Cadmium (Cd) is an environmental pollutant that has an enormous influence on agricultural production, but selenium (Se) can alleviate its toxicity. The present study aimed to illustrate the effects of Se on Cd-induced heart injury. All 40 rabbits were randomly divided into four groups: control group, Se [0.5 mg kg ^-1 ·body weight (BW)] group, Cd (1 mg kg ^-1 ·BW) group, and Se + Cd group. After 30 days of feeding, morphological changes, the levels of oxidative stress and myocardial enzyme, the content of cardiac troponin T, programmed cell death (pyroptosis, autophagy and apoptosis), and PI3K/AKT/PTEN transduction capacity were observed.
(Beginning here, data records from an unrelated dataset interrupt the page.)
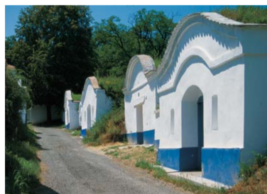
wine cellars in Píže

It is the smallest sub-region. The basaltic subsoil of the dry Most region gives wines a strong mineral content with smoky tones. The environs of Roudnice nad Labem and Žernoseky is composed of lime sandstones, loess and marl, which provides structural and solid wines. The most popular varieties are Müller Thurgau, Rhine Riesling, St. Laurent and Portugieser Blauer.
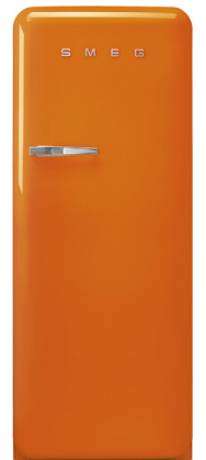
FAB28 Orange RH | FAB28ROR3 LH | FAB28LOR3
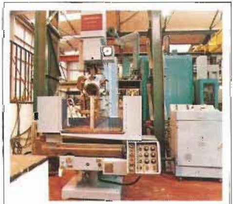
HERBERT COORDATROL NC TURRET DRILL
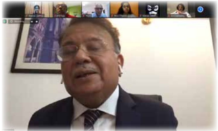
Hon'ble Mr. Justice (Retd.) A. P. Shah addressing the audience at the Virtual Closing Ceremony of NYP 2021

The third edition of the National Youth Parliament (NYP) was organized by PCGT in association with Pravin Gandhi College of Law, Mumbai (PGCL) on April 10 and 11, 2021. In view of the COVID-19 pandemic and social distancing norms, the NYP was conducted virtually on Zoom.
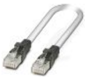
Patch cable, CAT5, assembled, 5 m

Patch cable - FL CAT5 PATCH 5,0 - 2832580
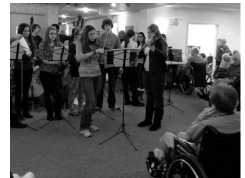
Bottom left corner, Ken-West band members put on a special holiday concert and instrument demonstration for students at Edison Elementary and Hamilton Elementary. Top, K-Kids members at Roosevelt Elementary make holiday cards for nursing home residents. Above, left, the Kenmore Middle School Chorus' holiday concert; right, Ken-East Orchestra members perform holiday music at a local nursing home.
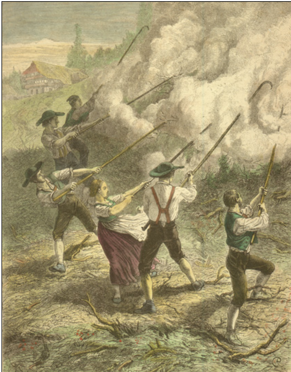
Figure 4. Slash-and-burn agriculture (“Reutebrennen”) in the Black Forest, Germany, in the second half of the 19 th Century.

It is also being increasingly recognised that both the cultural and natural heritage of many areas needs the intervention of prescribed fire to mimic disturbance events and maintain open and diverse habitats and landscapes. There are now prescribed burning projects in many of the countries of Western and Baltic Europe supporting a wide variety of land management objectives using a variety of techniques. Information on the work being carried out in the United Kingdom, Netherlands, Germany, Sweden and Finland are given later in this paper. The European Fire in Nature Conservation Network (EFNCN) website is an important focus for discussion (EFNCN 2004).
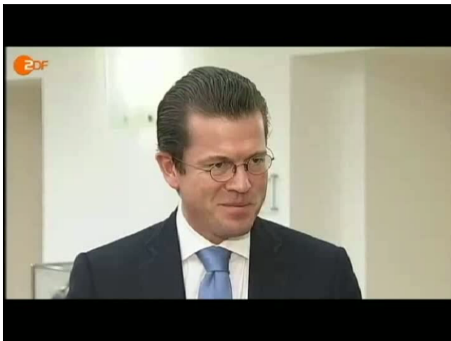
Karl-Theodor zu Guttenberg, February 2011 (German Minister of Defense at that time)
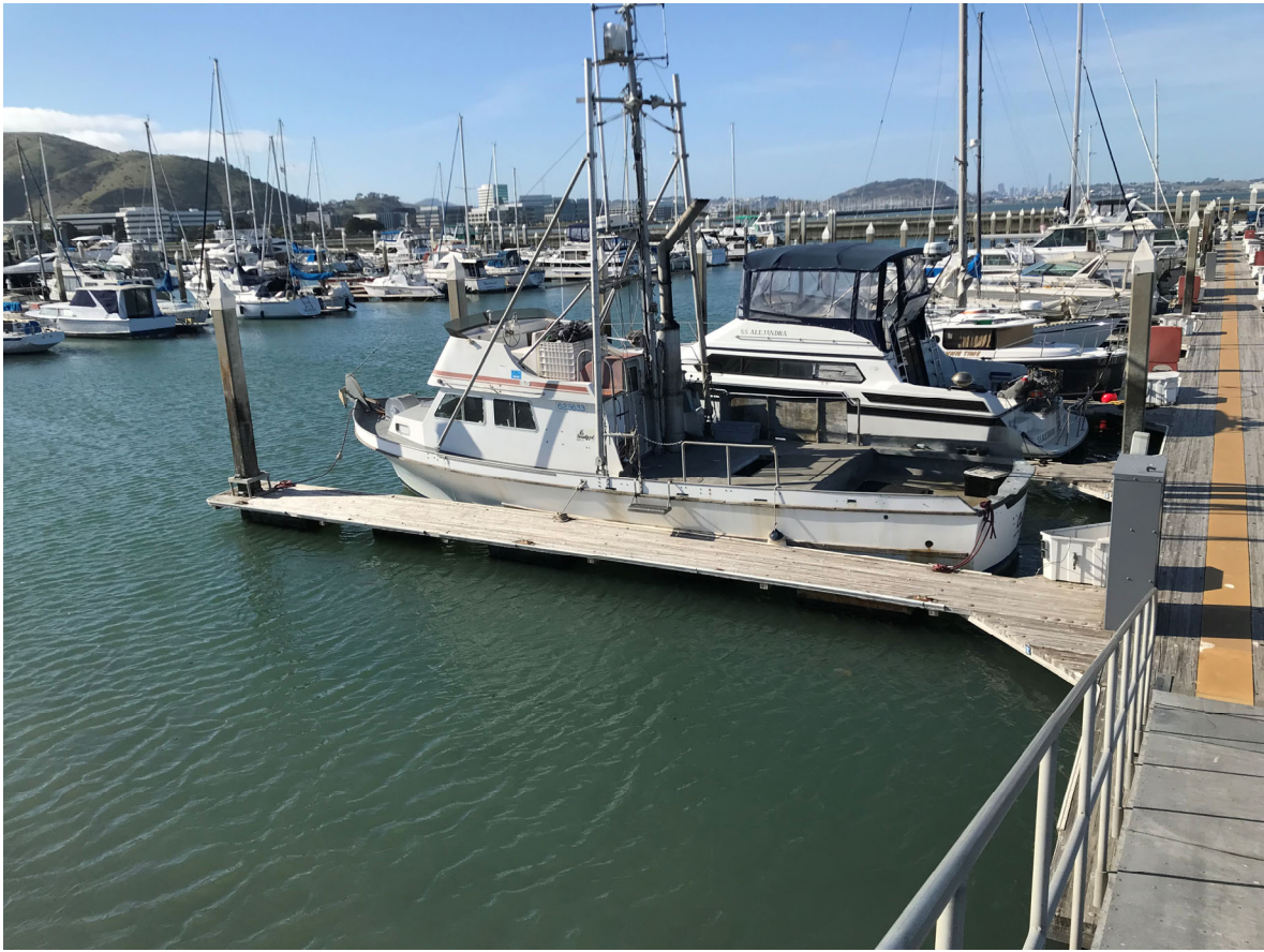
40 – View of East Basin Dock 13
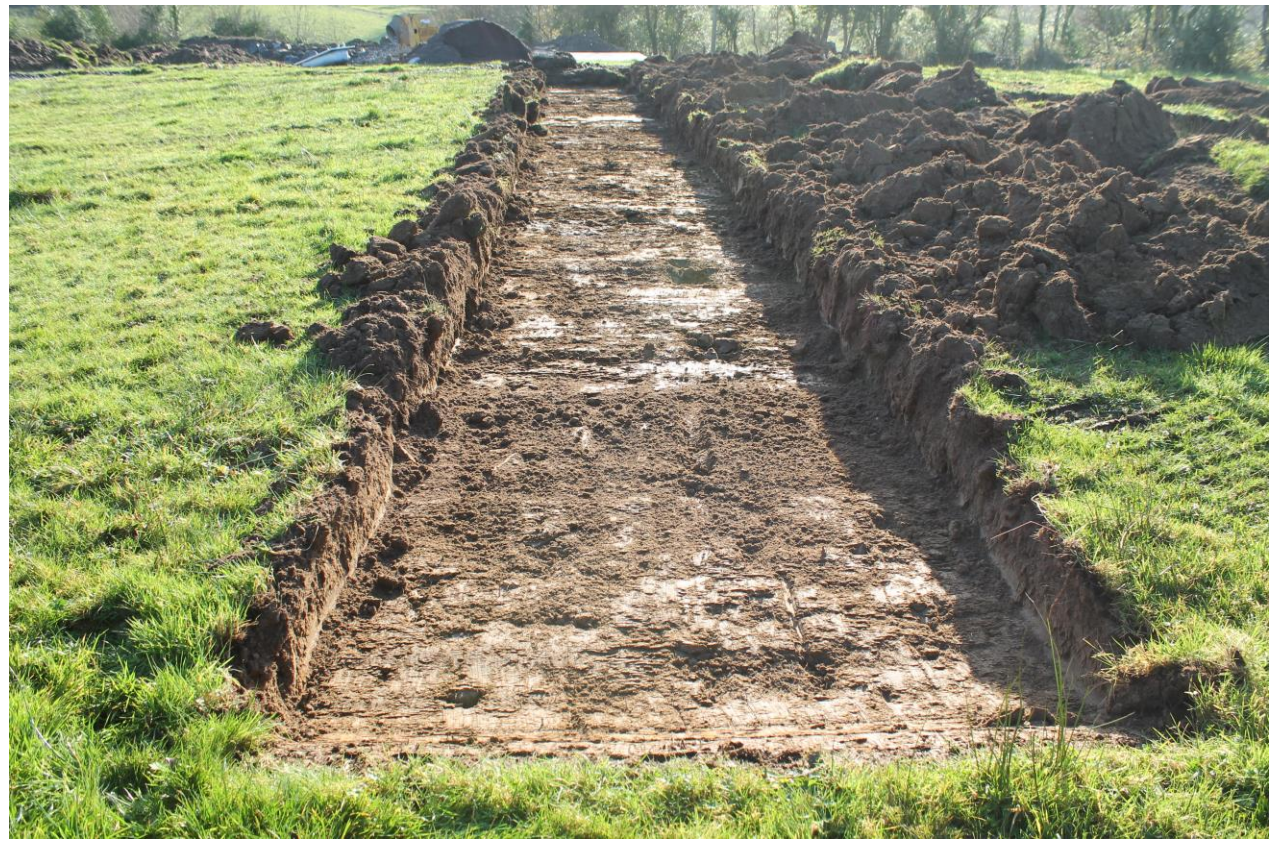
Plate 4: Trench 3, post-excavation, looking south-east.
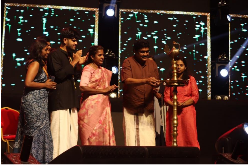
CULT-A-WAY 2023 INAUGURATION
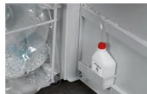
INTEGRATED AUTOMATIC OILER
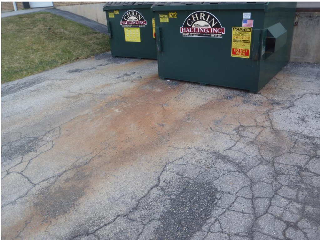
Asphalt near dumpster/loading area. BIA recommends a reinforced concrete pad to withstand the loading in this area.
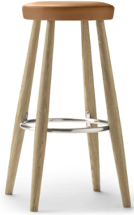
Kitchen Bar Stools

angles, creating a dynamic appearance from every viewpoint. Offered in a selection of wood finishes, the Monument table can be customized to suit a variety of interior aesthetics. This piece embodies Artisan's commitment to innovative design and exceptional craftsmanship, making it a bold and unforgettable addition to any environment.
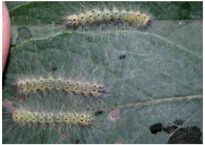
Photo 56. Fall webworm larvae.
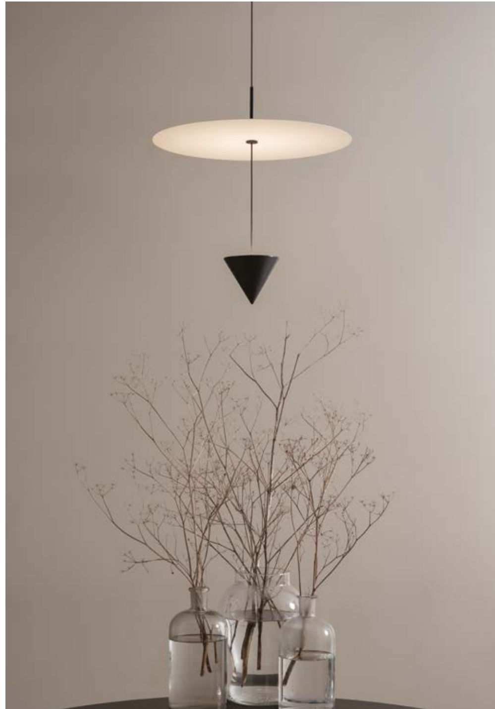
STRALUNATA design matteo ugolini
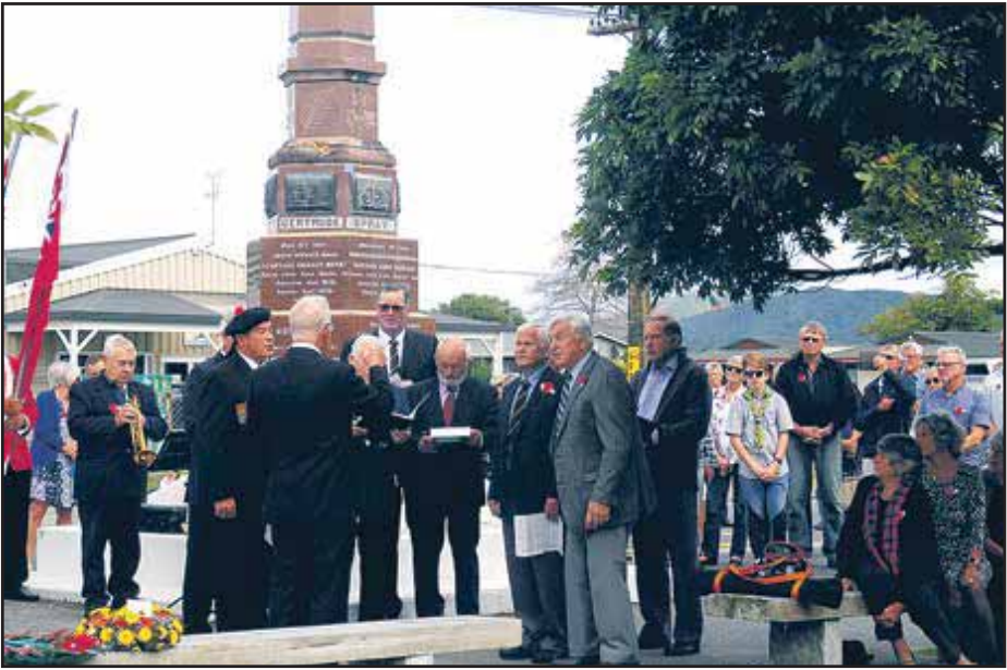
The Waipu Men's Choir

The results showed that Cd destroyed the physiological balance of trace elements and caused myocardial damage, increased the cardiac oxidative damage and led to programmed cell death. Coadministration of Se prominently ameliorated histological lesions and improved cardiac function of hearts in Cd-induced rabbits. Furthermore, Se exerted detoxification and oxidation resistance, maintained trace element homeostasis, and alleviated the changes of mRNA and protein levels of pyroptosis-, autophagy- and apoptosis-controlling factors and PI3K/AKT/PTEN signal molecules caused by Cd. In conclusion, Se might protect against Cd-induced pyroptosis, autophagy and apoptosis by interfering with PI3K/AKT/PTEN signaling in heart.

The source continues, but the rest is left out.